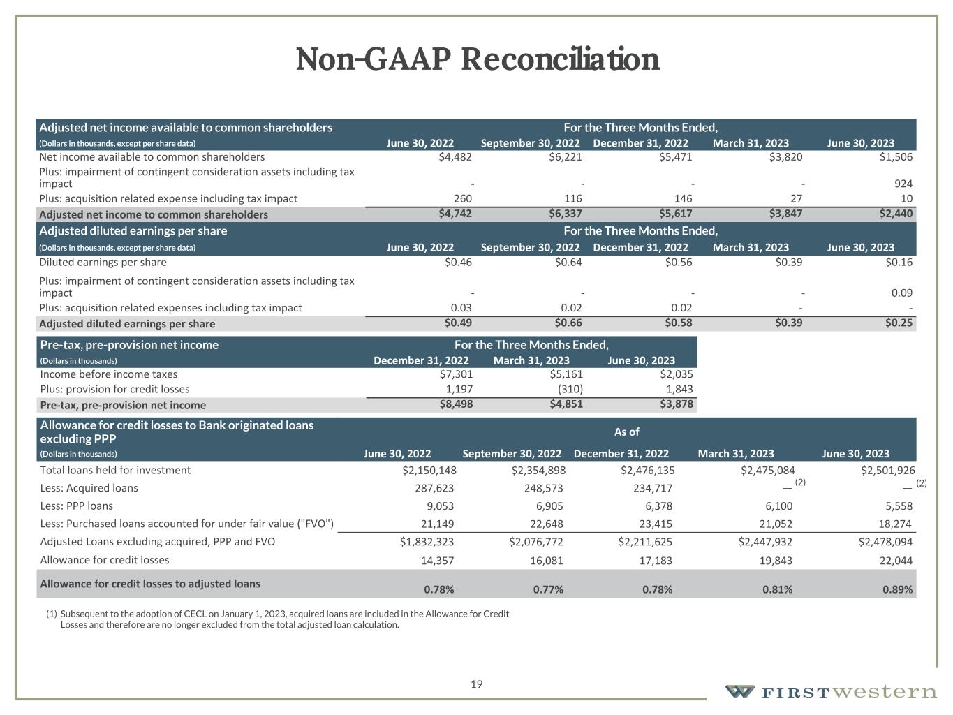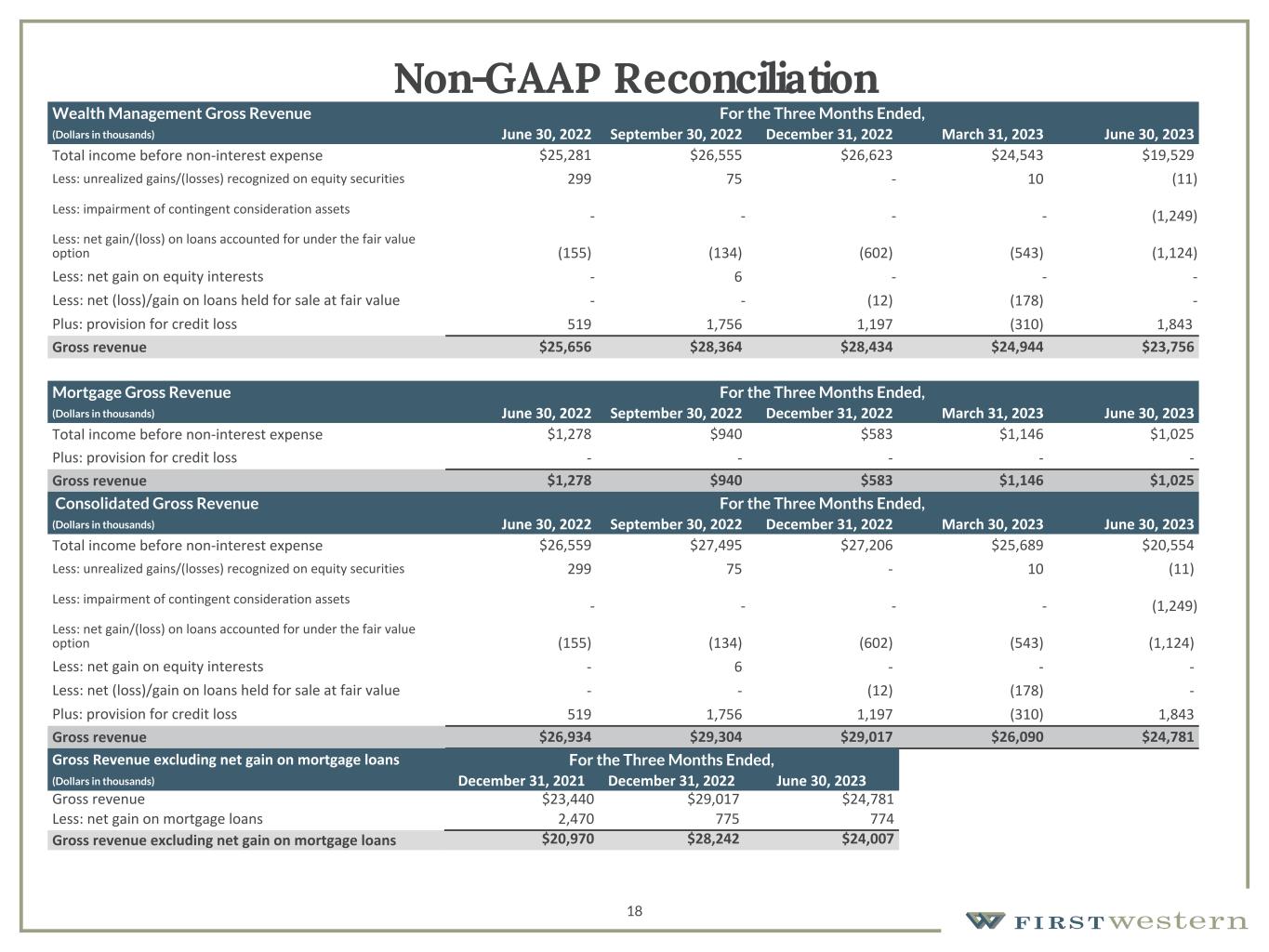 157 180 196 164 166 168 62 94 111 154 161 132 122 125 129 76 78 86 255 255 255 Chart color Table color Special Headlines Slide Headlines / Text on light background Primary Colors Secondary Colors Primary Background / Call Out Boxes / Text on dark background Chart color Table Color Tertiary Colors Chart color Table Color Chart Color Chart Color Approved Fonts AaBbCc 1 23 Lora (bold) Slide Headlines / Special Headlines AaBbCc 123 Lato (regular, bold, italics) Body Copy / Subheadings / Small Text Descriptions 18 Non-GAAP Reconciliation Wealth Management Gross Revenue For the Three Months Ended, (Dollars in thousands) June 30, 2022 September 30, 2022 December 31, 2022 March 31, 2023 June 30, 2023 Total income before non-interest expense $25,281 $26,555 $26,623 $24,543 $19,529 Less: unrealized gains/(losses) recognized on equity securities 299 75 - 10 (11) Less: impairment of contingent consideration assets - - - - (1,249) Less: net gain/(loss) on loans accounted for under the fair value option (155) (134) (602) (543) (1,124) Less: net gain on equity interests - 6 - - - Less: net (loss)/gain on loans held for sale at fair value - - (12) (178) - Plus: provision for credit loss 519 1,756 1,197 (310) 1,843 Gross revenue $25,656 $28,364 $28,434 $24,944 $23,756 Mortgage Gross Revenue For the Three Months Ended, (Dollars in thousands) June 30, 2022 September 30, 2022 December 31, 2022 March 31, 2023 June 30, 2023 Total income before non-interest expense $1,278 $940 $583 $1,146 $1,025 Plus: provision for credit loss - - - - - Gross revenue $1,278 $940 $583 $1,146 $1,025  Consolidated Gross Revenue For the Three Months Ended, (Dollars in thousands) June 30, 2022 September 30, 2022 December 31, 2022 March 30, 2023 June 30, 2023 Total income before non-interest expense $26,559 $27,495 $27,206 $25,689 $20,554 Less: unrealized gains/(losses) recognized on equity securities 299 75 - 10 (11) Less: impairment of contingent consideration assets - - - - (1,249) Less: net gain/(loss) on loans accounted for under the fair value option (155) (134) (602) (543) (1,124) Less: net gain on equity interests - 6 - - - Less: net (loss)/gain on loans held for sale at fair value - - (12) (178) - Plus: provision for credit loss 519 1,756 1,197 (310) 1,843 Gross revenue $26,934 $29,304 $29,017 $26,090 $24,781 Gross Revenue excluding net gain on mortgage loans For the Three Months Ended, (Dollars in thousands) December 31, 2021 December 31, 2022 June 30, 2023 Gross revenue $23,440 $29,017 $24,781 Less: net gain on mortgage loans 2,470 775 774 Gross revenue excluding net gain on mortgage loans $20,970 $28,242 $24,007
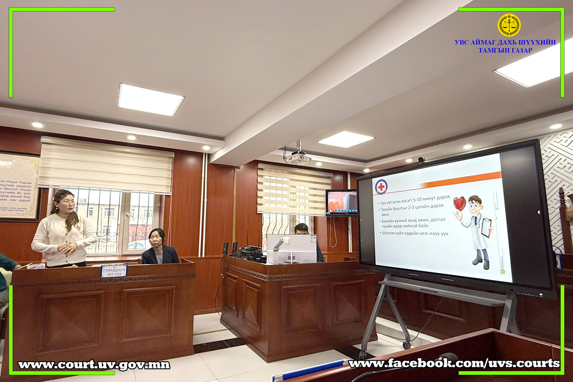 Увс аймгийн нэгдсэн эмнэлгийн Цусны Салбар Төвийн эрхлэгч, их эмч Ц.Нандинбаяр нь “Цусны донорын тухай ойлголт” сэдвээр нийт шүүгч, шүүхийн захиргааны ажилчдад сургалт зохион байгуулав.
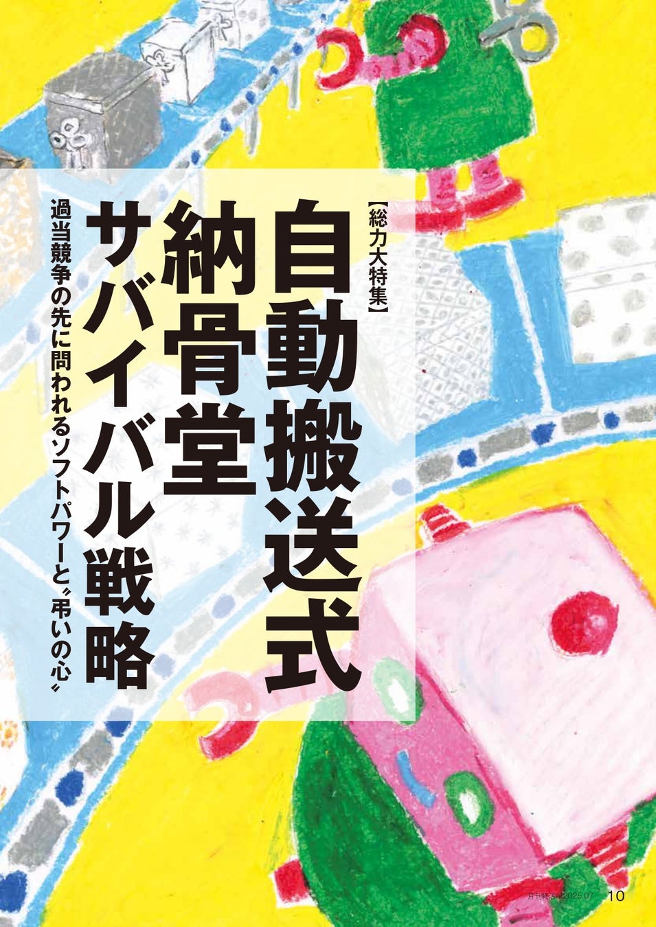 近年急増する自動搬送式納骨堂。都市型供養の新たなスタンダードとなる一方、競争激化の波も押し寄せています。本特集では、業界を牽引する注目施設6ヶ所の事例を徹底取材。各施設の差別化戦略や運営ノウハウ、最新技術導入の実態をレポートします。さらに今号では、好評を博しているカラスヤサトシ先生の連載漫画も巻頭に掲載。納骨堂というテーマに寄り添いながら、笑いと優しさを届けてくれる内容となっています。
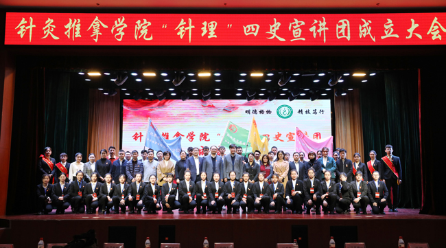 12月4日,针灸推拿学院“针理”四史宣讲团成立大会在学校大学生活动中心举行。学校党委组织部部长刘继东、学生工作处处长徐晓东、副处长范艳、招生就业处处长陈冰、副处长曲宁宁、马克思主义学院党总支书记马其南、副院长陈吉庆、针灸推拿学院领导班子、全体教师党员以及2018级,2019级,2020级全体同学出席了本次大会。大会由针灸推拿学院周思宁主持。
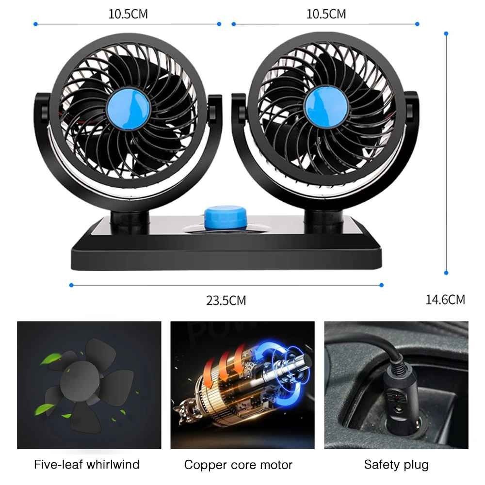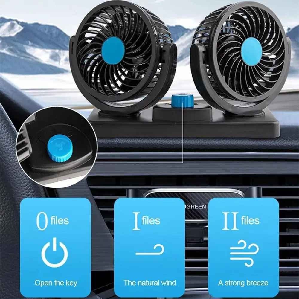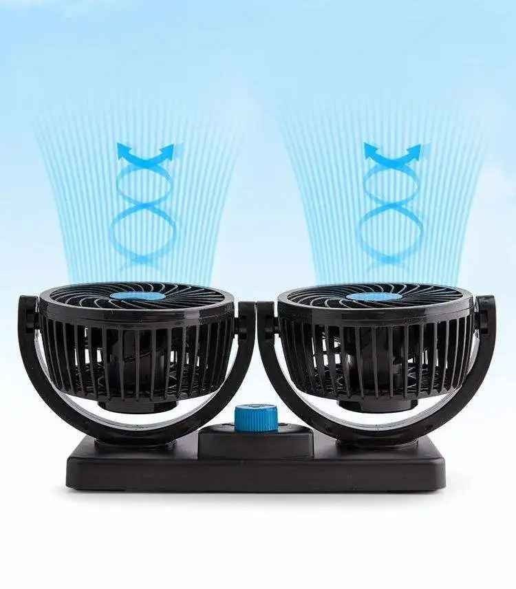Ventilateur de Voiture Double Tête 360° – Refroidissement Puissant et Silencieux 12V/24V
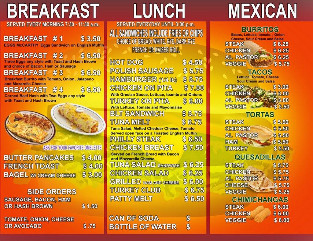 Jose's Hacienda offers a straightforward, casual menu blending classic Mexican flavors with familiar café-style bites. The selection features a variety of tacos and tortas alongside simple sandwiches and quick lunch options, making it easy to enjoy a satisfying meal any time of day.
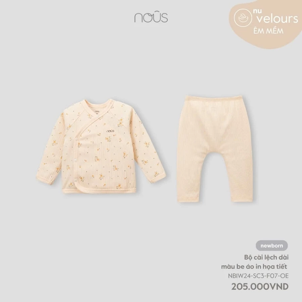 Bộ cài lệch dài màu be áo in hoạ tiết NB
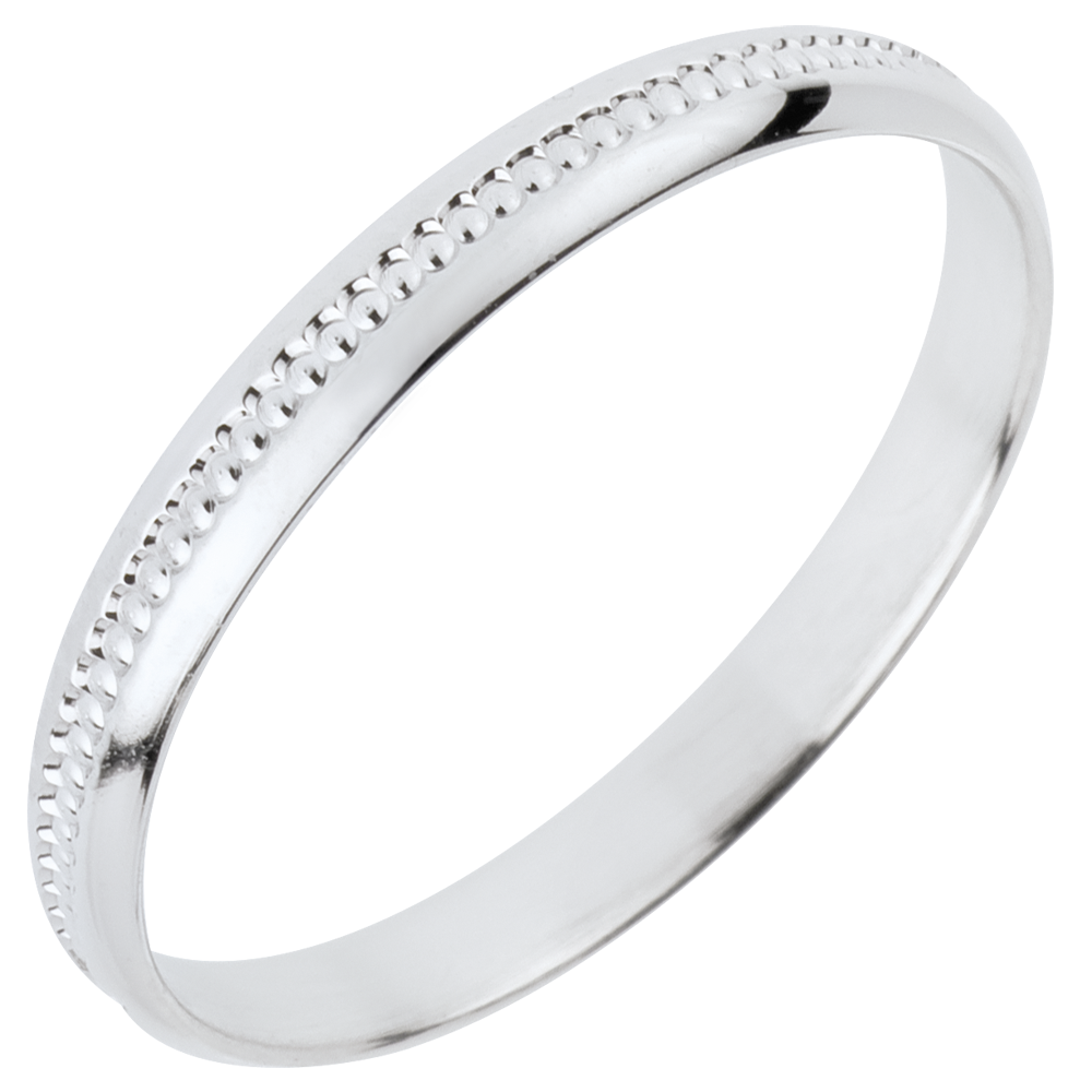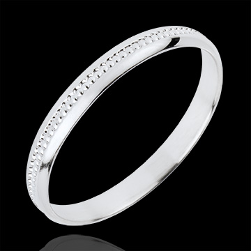Los clientes valoran la calidad y el acabado cuidado de esta alianza en oro blanco. Su brillo y diseño elegante son especialmente apreciados, así como la opción de personalización mediante grabado.

WORK REQUEST
Reproduce all the entries above exactly. Include no images.

RESULT OF THE TASK
 157 180 196 164 166 168 62 94 111 154 161 132 122 125 129 76 78 86 255 255 255 Chart color Table color Special Headlines Slide Headlines / Text on light background Primary Colors Secondary Colors Primary Background / Call Out Boxes / Text on dark background Chart color Table Color Tertiary Colors Chart color Table Color Chart Color Chart Color Approved Fonts AaBbCc 1 23 Lora (bold) Slide Headlines / Special Headlines AaBbCc 123 Lato (regular, bold, italics) Body Copy / Subheadings / Small Text Descriptions 18 Non-GAAP Reconciliation Wealth Management Gross Revenue For the Three Months Ended, (Dollars in thousands) June 30, 2022 September 30, 2022 December 31, 2022 March 31, 2023 June 30, 2023 Total income before non-interest expense $25,281 $26,555 $26,623 $24,543 $19,529 Less: unrealized gains/(losses) recognized on equity securities 299 75 - 10 (11) Less: impairment of contingent consideration assets - - - - (1,249) Less: net gain/(loss) on loans accounted for under the fair value option (155) (134) (602) (543) (1,124) Less: net gain on equity interests - 6 - - - Less: net (loss)/gain on loans held for sale at fair value - - (12) (178) - Plus: provision for credit loss 519 1,756 1,197 (310) 1,843 Gross revenue $25,656 $28,364 $28,434 $24,944 $23,756 Mortgage Gross Revenue For the Three Months Ended, (Dollars in thousands) June 30, 2022 September 30, 2022 December 31, 2022 March 31, 2023 June 30, 2023 Total income before non-interest expense $1,278 $940 $583 $1,146 $1,025 Plus: provision for credit loss - - - - - Gross revenue $1,278 $940 $583 $1,146 $1,025  Consolidated Gross Revenue For the Three Months Ended, (Dollars in thousands) June 30, 2022 September 30, 2022 December 31, 2022 March 30, 2023 June 30, 2023 Total income before non-interest expense $26,559 $27,495 $27,206 $25,689 $20,554 Less: unrealized gains/(losses) recognized on equity securities 299 75 - 10 (11) Less: impairment of contingent consideration assets - - - - (1,249) Less: net gain/(loss) on loans accounted for under the fair value option (155) (134) (602) (543) (1,124) Less: net gain on equity interests - 6 - - - Less: net (loss)/gain on loans held for sale at fair value - - (12) (178) - Plus: provision for credit loss 519 1,756 1,197 (310) 1,843 Gross revenue $26,934 $29,304 $29,017 $26,090 $24,781 Gross Revenue excluding net gain on mortgage loans For the Three Months Ended, (Dollars in thousands) December 31, 2021 December 31, 2022 June 30, 2023 Gross revenue $23,440 $29,017 $24,781 Less: net gain on mortgage loans 2,470 775 774 Gross revenue excluding net gain on mortgage loans $20,970 $28,242 $24,007
 Увс аймгийн нэгдсэн эмнэлгийн Цусны Салбар Төвийн эрхлэгч, их эмч Ц.Нандинбаяр нь “Цусны донорын тухай ойлголт” сэдвээр нийт шүүгч, шүүхийн захиргааны ажилчдад сургалт зохион байгуулав.
 近年急増する自動搬送式納骨堂。都市型供養の新たなスタンダードとなる一方、競争激化の波も押し寄せています。本特集では、業界を牽引する注目施設6ヶ所の事例を徹底取材。各施設の差別化戦略や運営ノウハウ、最新技術導入の実態をレポートします。さらに今号では、好評を博しているカラスヤサトシ先生の連載漫画も巻頭に掲載。納骨堂というテーマに寄り添いながら、笑いと優しさを届けてくれる内容となっています。
 12月4日,针灸推拿学院“针理”四史宣讲团成立大会在学校大学生活动中心举行。学校党委组织部部长刘继东、学生工作处处长徐晓东、副处长范艳、招生就业处处长陈冰、副处长曲宁宁、马克思主义学院党总支书记马其南、副院长陈吉庆、针灸推拿学院领导班子、全体教师党员以及2018级,2019级,2020级全体同学出席了本次大会。大会由针灸推拿学院周思宁主持。
Ventilateur de Voiture Double Tête 360° – Refroidissement Puissant et Silencieux 12V/24V
 Jose's Hacienda offers a straightforward, casual menu blending classic Mexican flavors with familiar café-style bites. The selection features a variety of tacos and tortas alongside simple sandwiches and quick lunch options, making it easy to enjoy a satisfying meal any time of day.
 Bộ cài lệch dài màu be áo in hoạ tiết NB
Los clientes valoran la calidad y el acabado cuidado de esta alianza en oro blanco. Su brillo y diseño elegante son especialmente apreciados, así como la opción de personalización mediante grabado.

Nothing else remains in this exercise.